The legal system of the Republic of Slovenia has been largely formed during the period of the so-called transition. In the specific context of Slovenia, transition is used to describe a set of processes pertaining to the reintroduction of capitalism and secession from the Socialist Federal Republic of Yugoslavia. During that period, the judiciary had never been abolished but continued to perform typical judicial functions and could therefore influence certain transitional processes.
One of the crucial differences between the legal system of the ex-SFRY and that of The Republic of Slovenia is the conception of property. The prevailing mode of property relations was social ownership, which is not just a special form of a property right but presupposes a specific economic system.
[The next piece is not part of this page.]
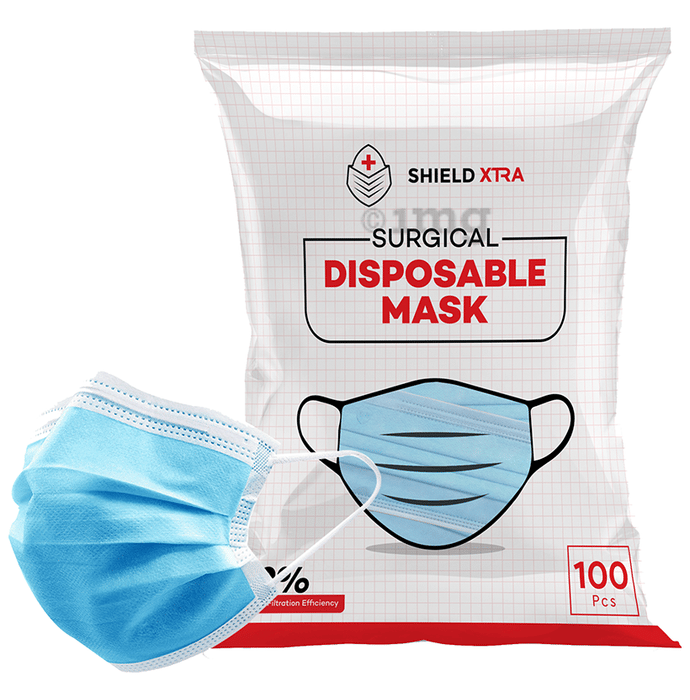 Shield Xtra 3 Ply Surgical Disposable Mask (100 Each) Blue

During the transition period the social ownership was gradually abolished. To a certain extent this had happened already due to the property laws reform in SFRY, but it was finalized by Slovenia's own privatization legislation.
One of the first challenges the judiciary in the independent Slovenia faced were cases pertaining to the audit of damages to socially-owned property, a special legal institute which was ushered in because of the changed behaviour of economic subjects after the property reforms in the late 1980s. The judiciary had influenced the process of the transformation of property relations by adjudicating on cases of the damages to socially-owned property. However, the court’s decisions were not formed in a vacuum, but were limited by legislation, socio-political circumstances, and other actors in the legal sphere.